The Vietnam War

From Vietnam War Refugee To Renowned Oregon Dancer

By Jessica Martin (OPB)
July 20, 2017 11:14 p.m.
Producer: Jessica Martin   Videographer/Editor: Tom Shrider   Audio: Thom Dentler

As a child in Vietnam, Minh Tran knew he wanted to be a dancer. But the war in his homeland and a daring escape to the United States at the age of 13 put those dreams on hold.

“It completely changed me," Tran said. "We stayed in a refugee camp for six months and then we got a sponsor who happened to live in Portland.”

Once in Oregon, Tran found the path back to his dream, almost by accident, by taking a dance class as an elective at Portland State University.

“And Nancy Martino … she was the head of the dance department.
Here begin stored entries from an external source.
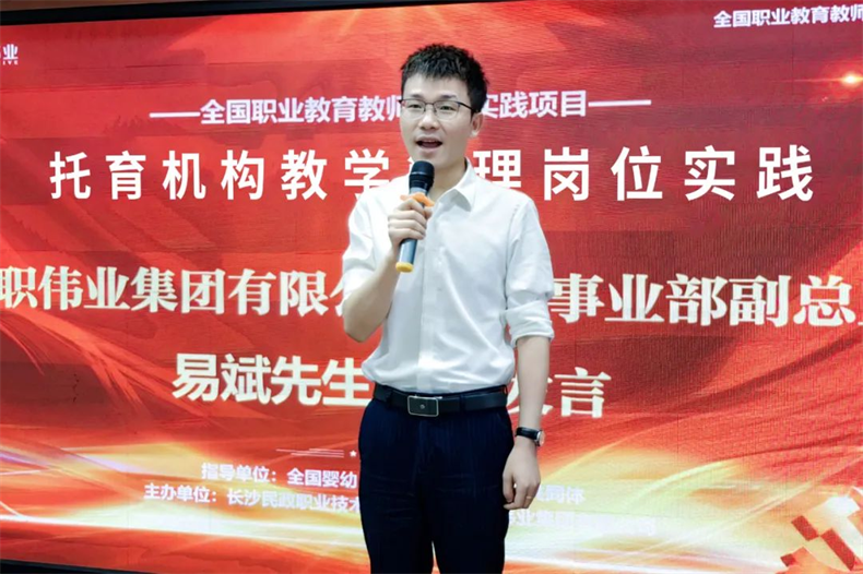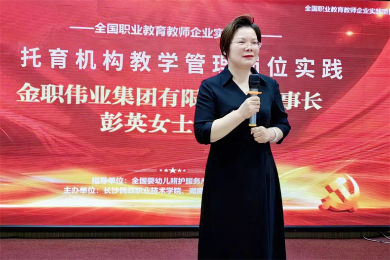 9月14 日,2023年全國職業(yè)教育教師企業(yè)實(shí)踐項(xiàng)目——托育機(jī)構(gòu)教學(xué)管理崗位實(shí)踐項(xiàng)目圓滿結(jié)業(yè)。金職偉業(yè)集團(tuán)有限公司(以下簡稱“金職偉業(yè)”)董事長彭英、院校事業(yè)部副總監(jiān)易斌出席結(jié)業(yè)典禮。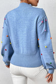 Pom-Pom Trim Mock Neck Long Sleeve Pullover Sweater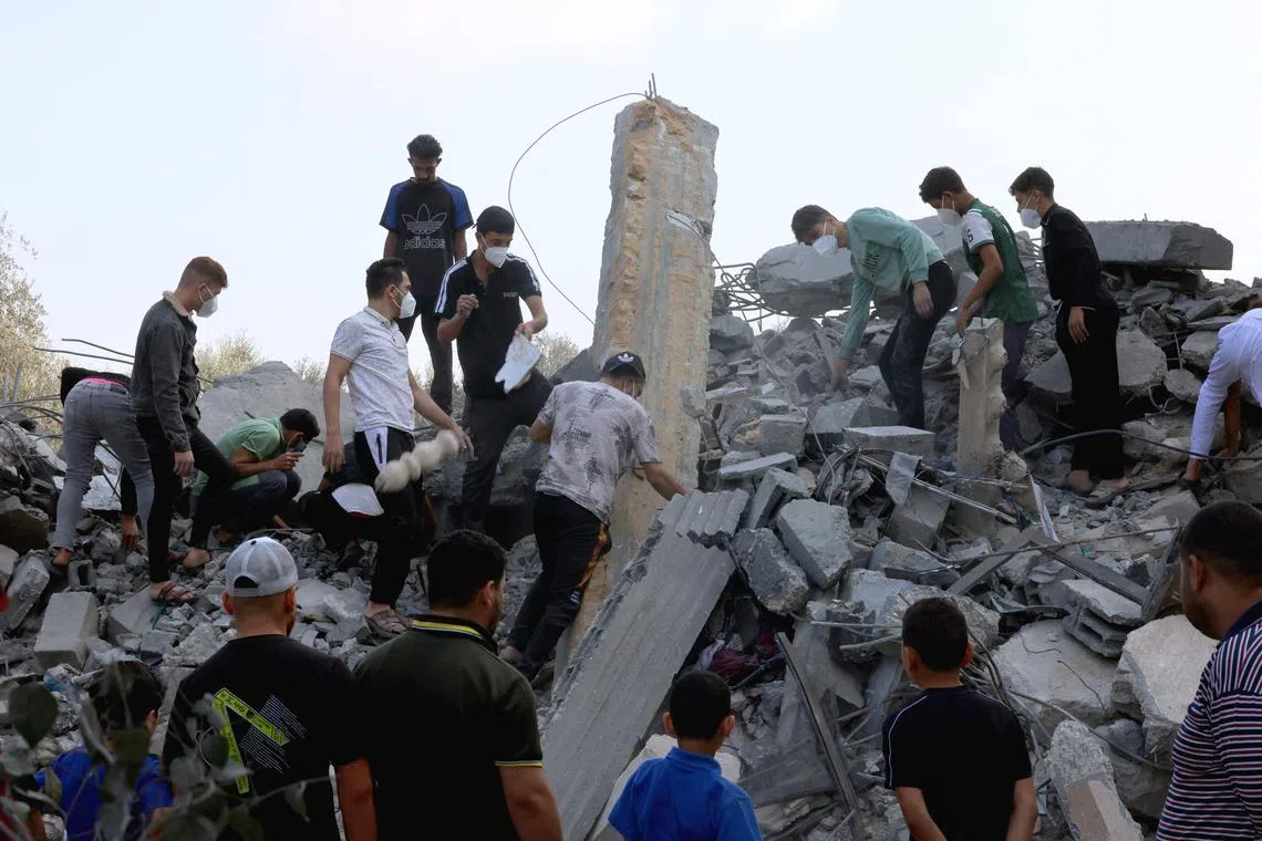 Palestinians search the rubble following an Israeli strike on Rafah city, in the southern Gaza Strip, on Oct 14.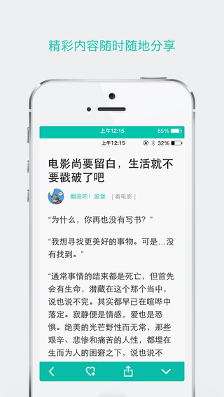 1、每日更新有趣内容; 2、遇到喜欢的内容可随时收藏; 3、支持分享到微信、微博等社交网络,精彩与好友一起分享; 4、支持豆瓣账号登录,云端保存数据永不丢失。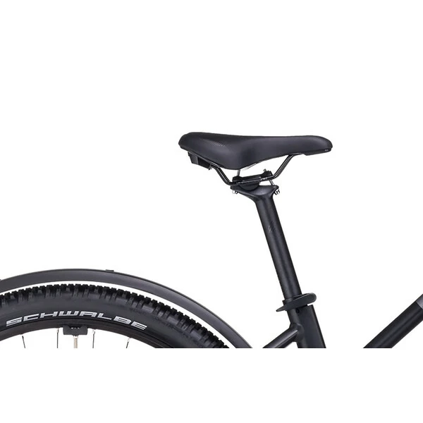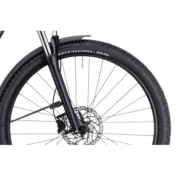Ses pneus Schwalbe, robustes et adhérents, s’associent à la fourche suspendue Suntour pour vous offrir une traction et un pilotage sécurisés, fiables et confortables quelles que soient les conditions. Sa transmission Shimano 9 vitesses procure une vitesse adaptée à tous types de profil, tandis que ses freins à disque hydrauliques Shimano MT200 possèdent toute la puissance nécessaire pour un freinage efficace.
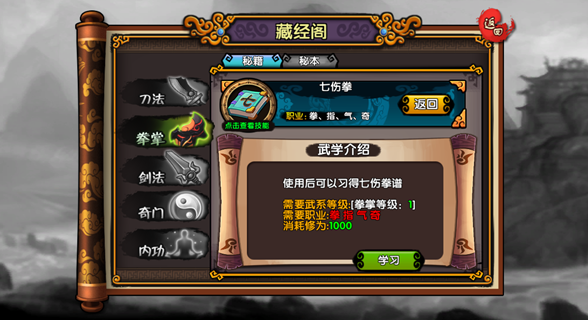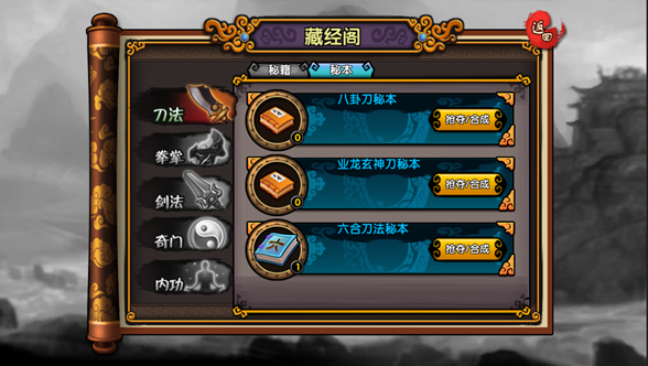 2.【秘籍】:玩家获得的武学线索、武学秘籍都在此处显示。可以在此查到所有已获得的武学秘籍。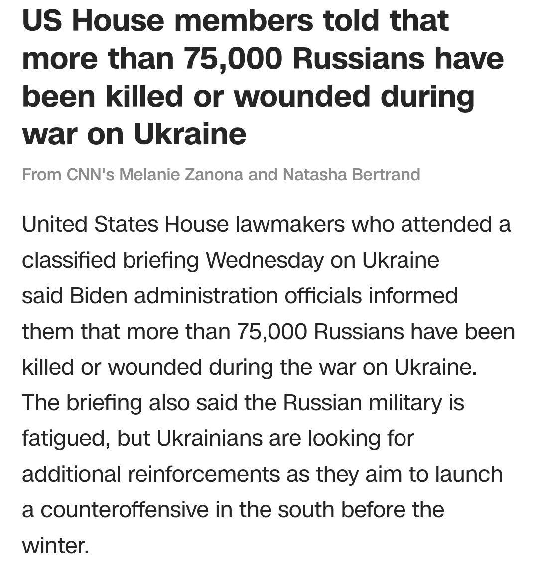 08:06 Россия потеряла убитыми или ранеными в Украине более 75 000 человек, сообщила CNN конгрессвумен Элисса Слоткин из комитета по обороне.
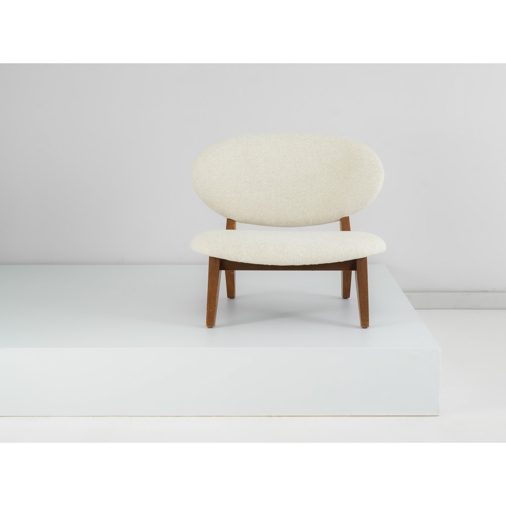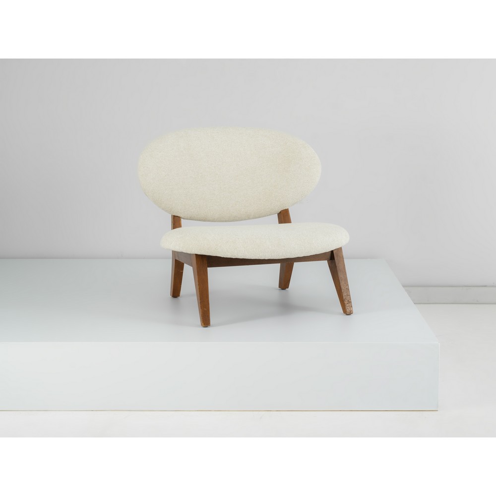 Poltrona bassa con struttura in legno ebanizzato, ampia seduta e spalliera imbottite e rivestite con tessuto chiaro. Restaurata.

She said, 'That’s the boy! Give him!' She literally dragged me from one class to the other. … It was amazing that she saw what I had before I saw what I had,” Tran said.


Marrying modern choreography with traditional Southeast Asian dance, he formed Minh Tran & Company, becoming a prolific choreographer and sought-after educator. His tireless dedication to dance touched organizations as diverse as White Bird Dance to Alaska Dance Theater, Northwest Dance Project to New York's Dance Theater Workshop's Suitcase Fund, Mekong Project.

Today, Minh Tran’s work is performed throughout the western United States and internationally, including in Vietnam.

Minh Tran is currently a visiting associate professor at Reed College, where he teaches intermediate and advanced technique and choreography, dance traditions of Southeast Asian civilization, and more.

Minh Tran at the Independence Palace, Ho Chi Minh City, 2017.

Minh Tran at the Independence Palace, Ho Chi Minh City, 2017.

Minh Tran

During the summer of 2017, Tran returned to Vietnam to do research and noticed a rapidly changing country.

“Prosperity is in the air,” Tran said, “Everyone is selling something.”

But in places like Ho Chi Minh City, along with modern prosperity comes that most modern of problems – traffic. “Twelve million people live in it. Seven million mopeds!” Tran quipped.

The skyline of the city of his youth has changed, too, with restaurants and jewelry stores dotting the streets. Even in his old neighborhood, he found the site of his childhood home being replaced by a diamond store.

This fall, Tran is getting back to work with his dance company, Minh Tran & Company, creating brand new artistic work for 2018.